Por Gabriel Otero
Ocho días es nada, es mucho, es todo. Para un fumador pernicioso omitir el tabaco en ese lapso es la eternidad, para quien deja de fumar es su paulatina desintoxicación de la nicotina, droga cinco veces más adictiva que la heroína. La primera sustancia es legal y produce 11 mil muertes por día y la segunda es satanizada y genera menos de 200 muertes por año. Ello es reflejo de la doble moral latente en gobiernos y sociedades.
Para evitar enojarse es mejor no averiguar las posturas ambiguas de los estados con las compañías tabacaleras, éstas aceptan las cargas impositivas que sean, total los consumidores pagan tasas arriba del 350 % sobre costo por cajetilla que financian todas las campañas gubernamentales contra el tabaco.
Dos décadas y media anduve echando humo por la vida y dejé de hacerlo por las mismas razones por las que empecé: la libertad de envenenarme a fuego lento y luego despojarme del vicio tirano de consumir treinta cigarros diarios.
Hace ocho días asistí a la clínica de Allen Carr, autor de numerosos libros de ayuda, cuyo método para dejar de fumar es altamente efectivo: cinco horas de psicoterapia y otra de hipnosis colectiva. No es un tratamiento barato, hay que llamar con meses de antelación para concertar la cita y estar conscientes de que ese momento marcará un hito en la historia individual.

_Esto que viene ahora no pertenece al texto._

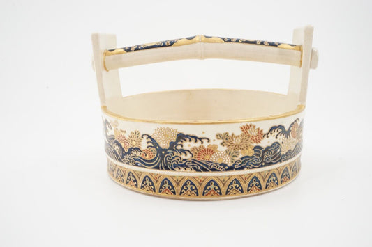 Japanese Edo Period Imperial Satsuma Gosu Blue Signed Basket 9 Inch Width #1

Llegamos un grupo de dieciséis fumadores, no teníamos idea de cómo abandonaríamos el tabaquismo, quien conoce esa adicción sabe las amplias connotaciones de servilismo y esclavitud que uno puede llegar a tener por el cigarro.

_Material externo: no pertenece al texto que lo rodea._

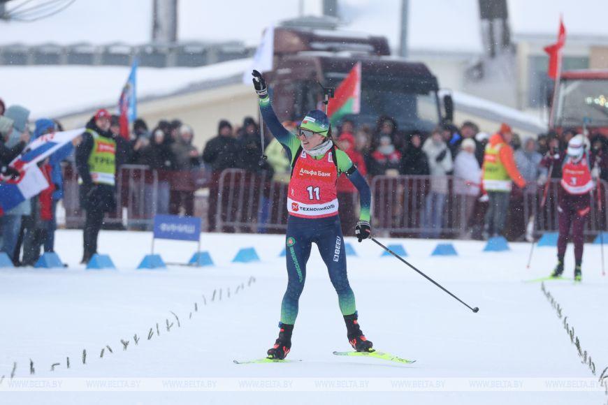 После последнего огневого рубежа третьей на дистанцию уходила Динара Смольская, однако на заключительном круге ей не хватило сил — белоруска заняла седьмое место. Бронзовую награду завоевала Анастасия Халили, которая на считанные доли секунды опередила лидера общего зачета Кубка Содружества Кристину Резцову.

Yo cabeceaba en las terapias, las verdades a veces aturden, tanto que llegan a causar una somnolencia letal, hubo un momento en que escuchaba lejos la voz de la instructora solo para volverme a arrullar a la siguiente frase.
Y se anunciaron las buenas nuevas: estábamos a punto de desertar de las filas de los tobacco’s yunkies y se nos pidió prender, en silencio, el último cigarro.

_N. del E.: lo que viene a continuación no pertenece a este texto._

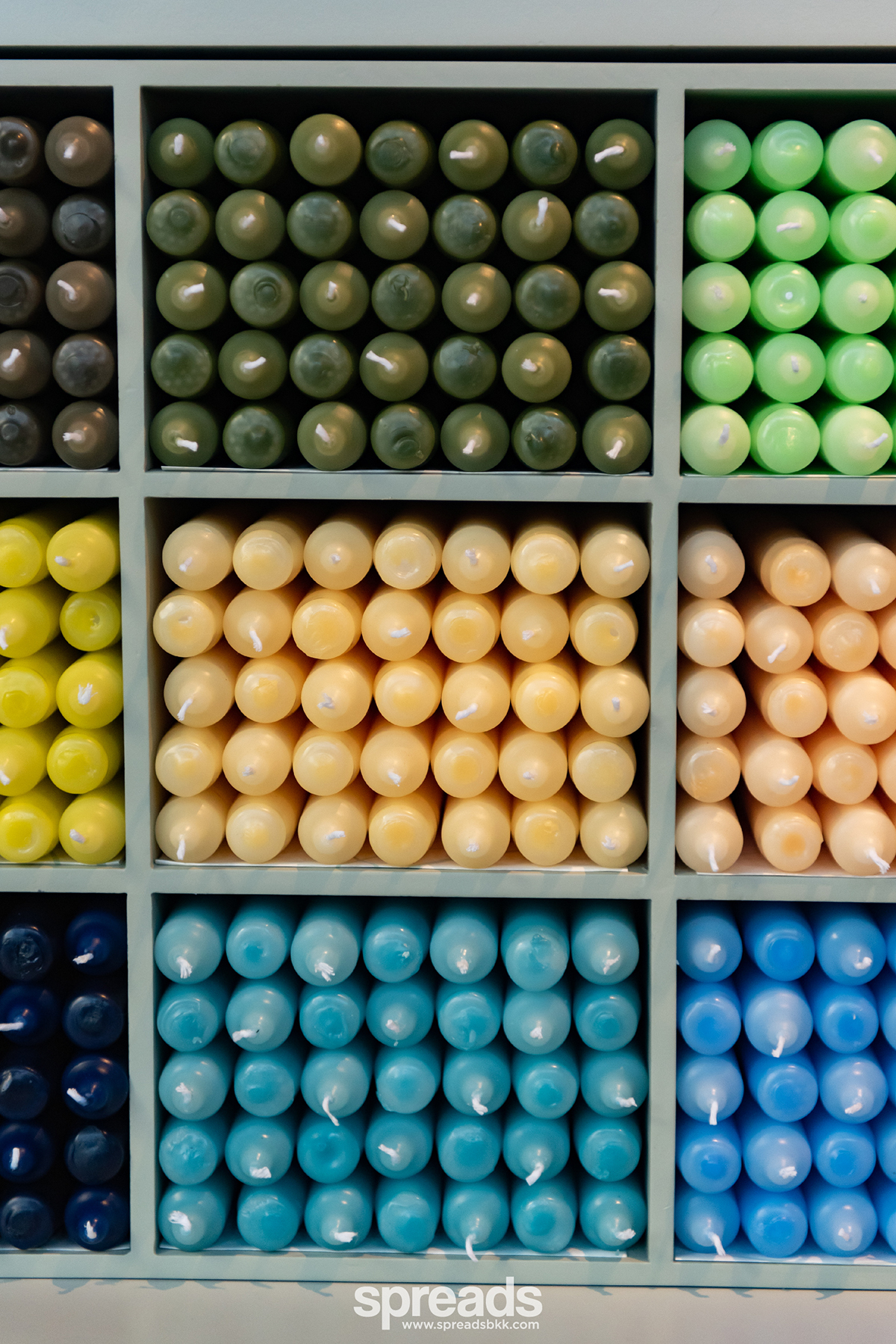 นั่นคือเหตุผลที่ร้านเทียนของเธอมีความหลากหลายตั้งแต่รูปแบบ กลิ่น และสีสันถึง 40 Pantone โดยเฉพาะเทียนทรงซิกเนเจอร์อย่างเทียนวันเกิดที่เธอเลือกมาเป็นสินค้าอย่างแรก และทำออกมามากถึง 18 สี แต่ไม่ได้แพ็ครวมกันเหมือนเทียนวันเกิดที่เราคุ้นเคย ทำให้สามารถเลือกแมทช์สีสันที่ชอบ ไล่สีเป็นเฉด หรือจะเหมาสีเดียวสุดโปรดไปเลยก็ได้ แถมเทียนทรงนี้ยังหล่อมาจากแม่พิมพ์วินเทจที่นำเข้าจากเยอรมนีเมื่อ 40 ปีมาแล้ว และราคาเริ่มต้นเพียงแท่งละ 12 บาท

Me supo horrible el shot de alquitrán y monóxido de carbono, lo apagué de inmediato, pero como era el cigarro postrero lo volví a encender presuroso, se me ocurrió la ridiculez de imaginar que la humareda nunca ha tenido algo de poético. Además, para completar el círculo había que tirar cajetilla y mechero en una especie de montaña-mausoleo para que quedara constancia de nuestra voluntad expresa de renunciar al hábito degradante de fumar.
Al regresar de las exequias tabacaleras nos aconsejaron la mejor manera de sobrellevar las primeras 96 horas de abstinencia: si te da hambre come fruta, bebe mucha agua y no sufras sé positivo.
Y salimos de la clínica, mi primer deseo fue encender un cigarro, me contuve, me causó pena sentir esas ganas irrefrenables de llenarme de humo los pulmones.
Pero siguieron los síntomas de continencia: me dormí antes de las diez de la noche y desperté a las tres de la madrugada y recordé el enorme placer del primer cigarro en la mañana y de los fumados después de cada comida.
Y las sensaciones fueron in crescendo hasta que comprendí que la ansiedad es algo para prescindir, ocho días no es nada, es mucho o es todo porque vale la pena dejar de fumar.